## The task
Retype, without changes or pictures, only the lines that begin at the one containing "Bott Cubio fiókos" and end at the last line of the records that follow.

====

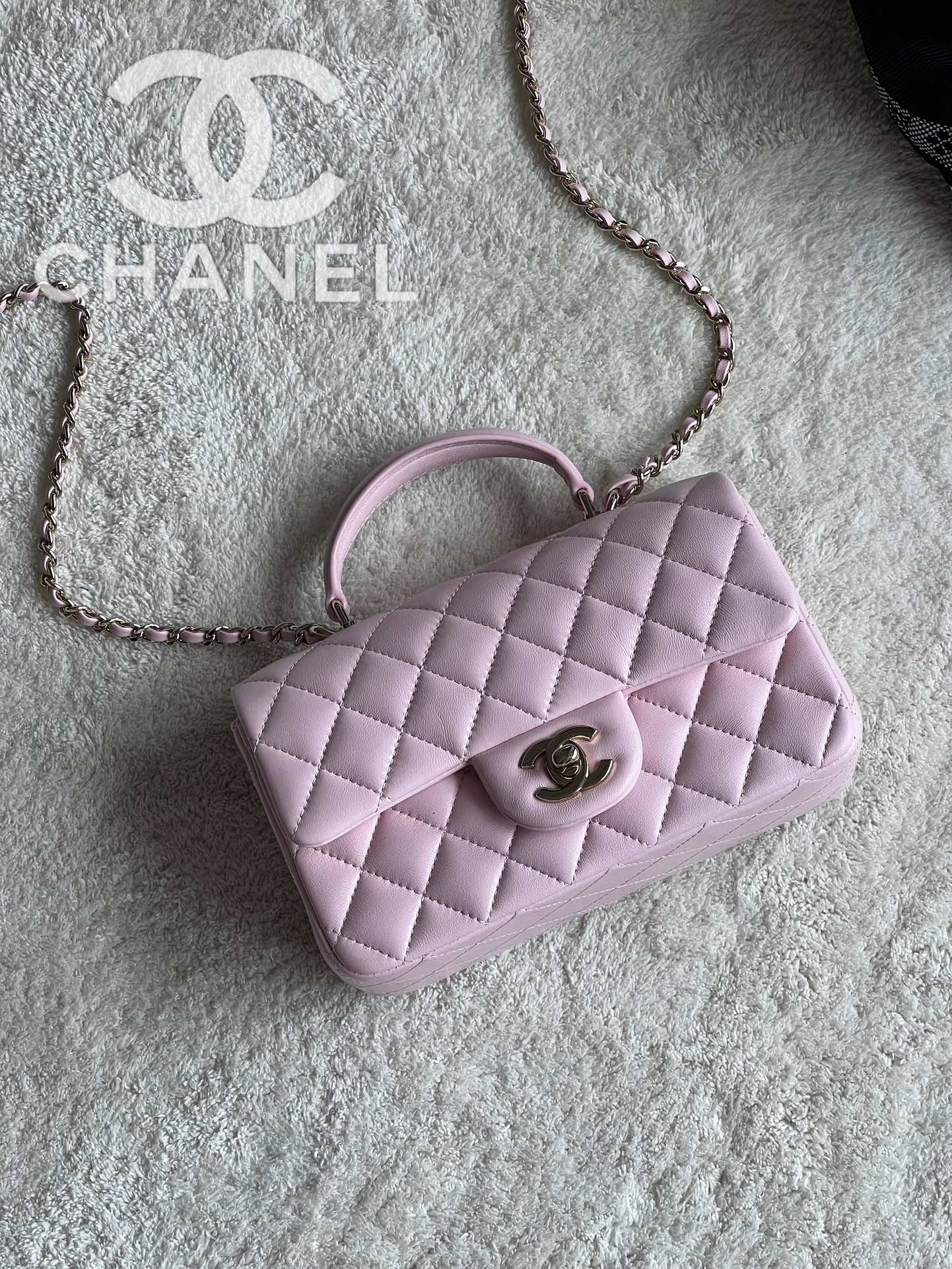 샤넬 뉴미니 탑핸들 램스킨 숄더백 AS2431
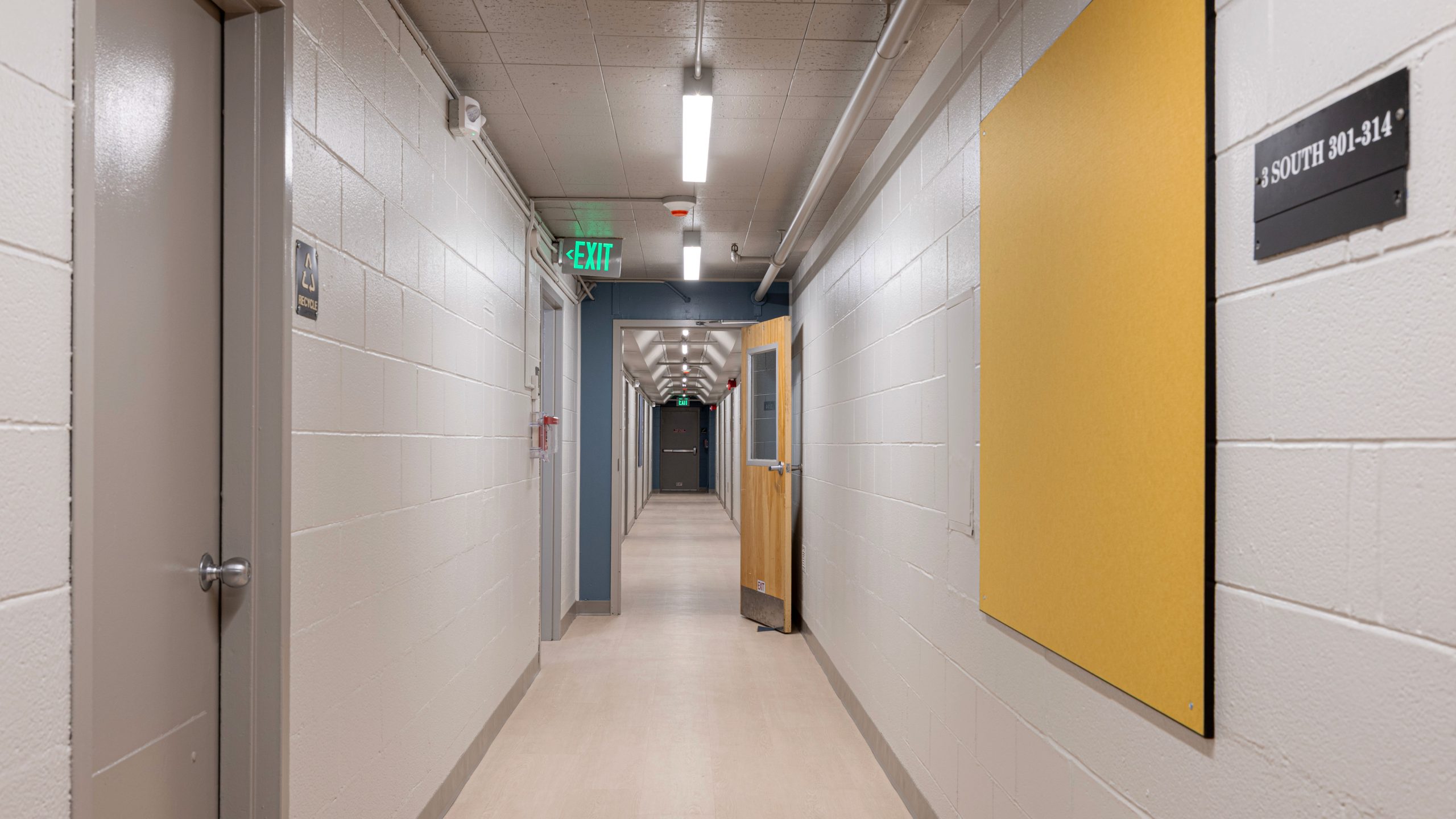 Phase 2 of the plan was implemented in the summer of 2024 at Ryan Hall. The scope of work included updating finishes in the student bedrooms and hallways - new lighting, doors, luxury vinyl flooring, and clean modern paint selections - as well as fire alarm and building exhaust systems.
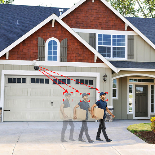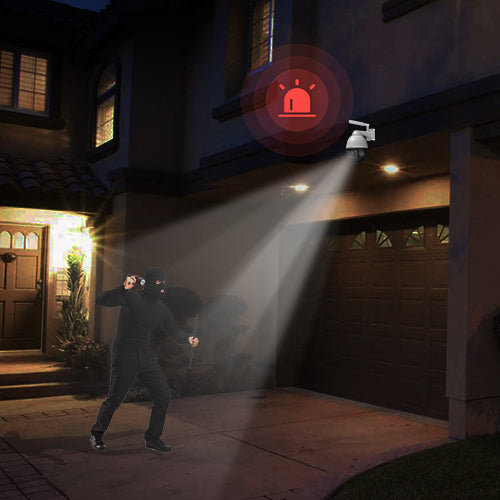 When intruders break into your house, the camera automatically turn on the flood light at night and will sound an automatic siren to deter intruders away. You can customize the siren to a voice message and warn the potential intruders.
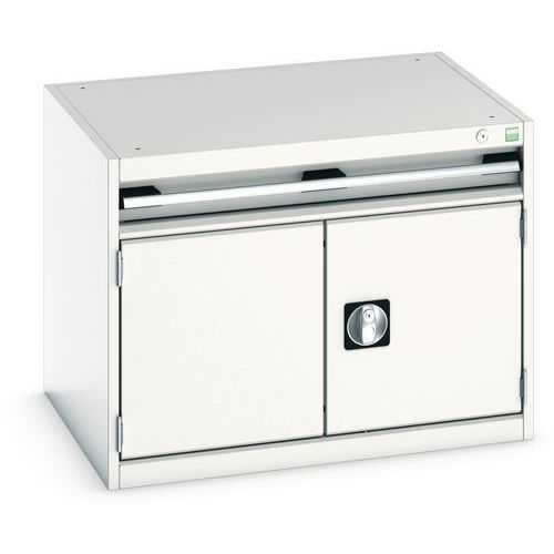 Bott Cubio fiókos szekrények 75 kg-os teherbírású és 100%-os görgőscsapágyakkal bővíthető fiókokkal. Szekrényajtó perforált belső oldallal a szerszámok tárolására. Magas hegesztett acél konstrukció akár 1,5 tonna teherbírással, porszórt bevonattal befejezni. Központi zárrendszerű zár és egyidejűleg több fiók nyitásának blokkolása. Ergonomikus fogantyúk írható csíkkal, zárás hengeres zárral, két kulccsal.
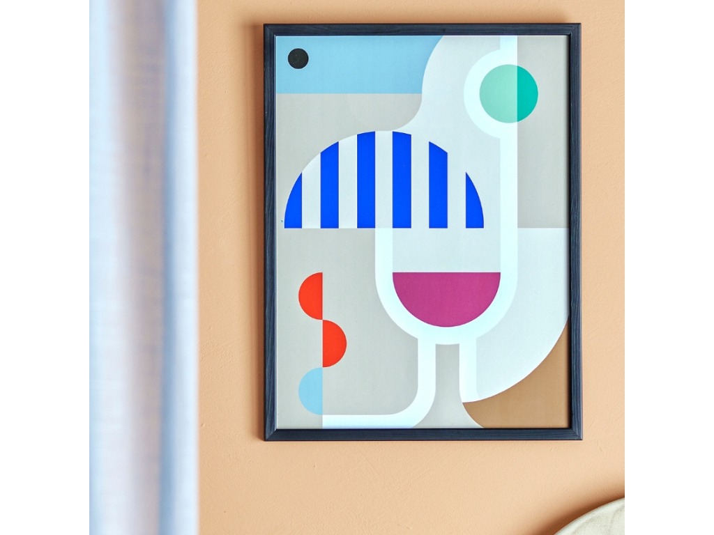 Abstraktní obraz Wine od Bloomingville upoutá pozornost svým pestrobarevným motivem na první pohled. Na obrazu spolu kontrastují grafické tvary a výrazné barvy, zatímco černý rám z borovicového dřeva, který obraz lemuje, vytváří elegantní a moderní výraz. Pověste tento originální kousek nad vaši pohovku, toaletní či pracovní stůl a dodejte prázdné stěně svěží nádech!

====

## Task solution
 Bott Cubio fiókos szekrények 75 kg-os teherbírású és 100%-os görgőscsapágyakkal bővíthető fiókokkal. Szekrényajtó perforált belső oldallal a szerszámok tárolására. Magas hegesztett acél konstrukció akár 1,5 tonna teherbírással, porszórt bevonattal befejezni. Központi zárrendszerű zár és egyidejűleg több fiók nyitásának blokkolása. Ergonomikus fogantyúk írható csíkkal, zárás hengeres zárral, két kulccsal.
 Abstraktní obraz Wine od Bloomingville upoutá pozornost svým pestrobarevným motivem na první pohled. Na obrazu spolu kontrastují grafické tvary a výrazné barvy, zatímco černý rám z borovicového dřeva, který obraz lemuje, vytváří elegantní a moderní výraz. Pověste tento originální kousek nad vaši pohovku, toaletní či pracovní stůl a dodejte prázdné stěně svěží nádech!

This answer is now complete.